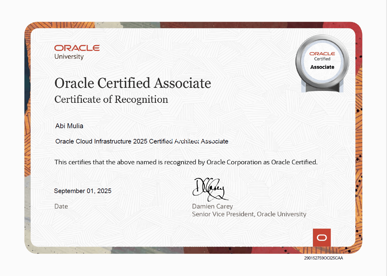I have foundational experience in cloud platforms including AWS, Microsoft Azure, and Oracle Cloud Infrastructure, supporting deployment and system integration needs. I understand core security principles such as access control, network configuration, VPN, and secure data handling. I focus on maintaining system reliability, protecting data integrity, and following best practices in cloud and infrastructure environments.
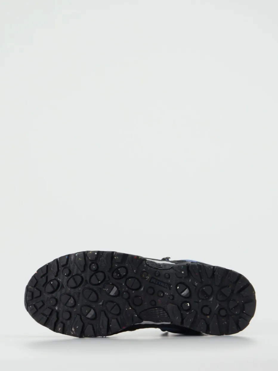 Widerstandsfähig bei jedem Wetter.Meindl liefert mit diesen Wanderschuhen einen zuverlässigen Begleiter für sportliche Outdoor-Abenteuer bei wechselhaften Bedingungen. Mit wind- und wasserdichtem Materialmix aus samtig angeschliffenem Veloursleder und atmungsaktivem Mesh ist das Modell strapazierfähig und komfortabel zugleich. In Jeansblau mit Kontrastelementen in Schwarz und Hellgrau gehalten, sorgt die reflektierende Ausstattung für Sichtbarkeit auch bei Dämmerung. Die knöchelhohe Form, verstärkte Zehenkappe und die massive Gummisohle mit Recycling-Anteilen bieten Schutz und Stabilität auf jedem Terrain. Der Schuh passt in funktionale wie modische Looks der Gorpcore-Ästhetik. Robuste Markenqualität mit durchdachtem Outdoor-Komfort.
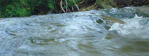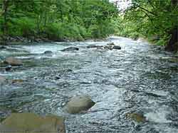 さて、場所をもう少し上流部に移して渓相の良いところに入りました。ここは人気ポイントなのでこの増水で魚が動いたことを期待したのですがすでに釣り人は午前中に入っていることでしょう。

━━━━━━━━

Assignment |
Reproduce all of the data exactly; the pictures do not belong in the copy.

Finished exercise |
I have foundational experience in cloud platforms including AWS, Microsoft Azure, and Oracle Cloud Infrastructure, supporting deployment and system integration needs. I understand core security principles such as access control, network configuration, VPN, and secure data handling. I focus on maintaining system reliability, protecting data integrity, and following best practices in cloud and infrastructure environments.
 Widerstandsfähig bei jedem Wetter.Meindl liefert mit diesen Wanderschuhen einen zuverlässigen Begleiter für sportliche Outdoor-Abenteuer bei wechselhaften Bedingungen. Mit wind- und wasserdichtem Materialmix aus samtig angeschliffenem Veloursleder und atmungsaktivem Mesh ist das Modell strapazierfähig und komfortabel zugleich. In Jeansblau mit Kontrastelementen in Schwarz und Hellgrau gehalten, sorgt die reflektierende Ausstattung für Sichtbarkeit auch bei Dämmerung. Die knöchelhohe Form, verstärkte Zehenkappe und die massive Gummisohle mit Recycling-Anteilen bieten Schutz und Stabilität auf jedem Terrain. Der Schuh passt in funktionale wie modische Looks der Gorpcore-Ästhetik. Robuste Markenqualität mit durchdachtem Outdoor-Komfort.
 さて、場所をもう少し上流部に移して渓相の良いところに入りました。ここは人気ポイントなのでこの増水で魚が動いたことを期待したのですがすでに釣り人は午前中に入っていることでしょう。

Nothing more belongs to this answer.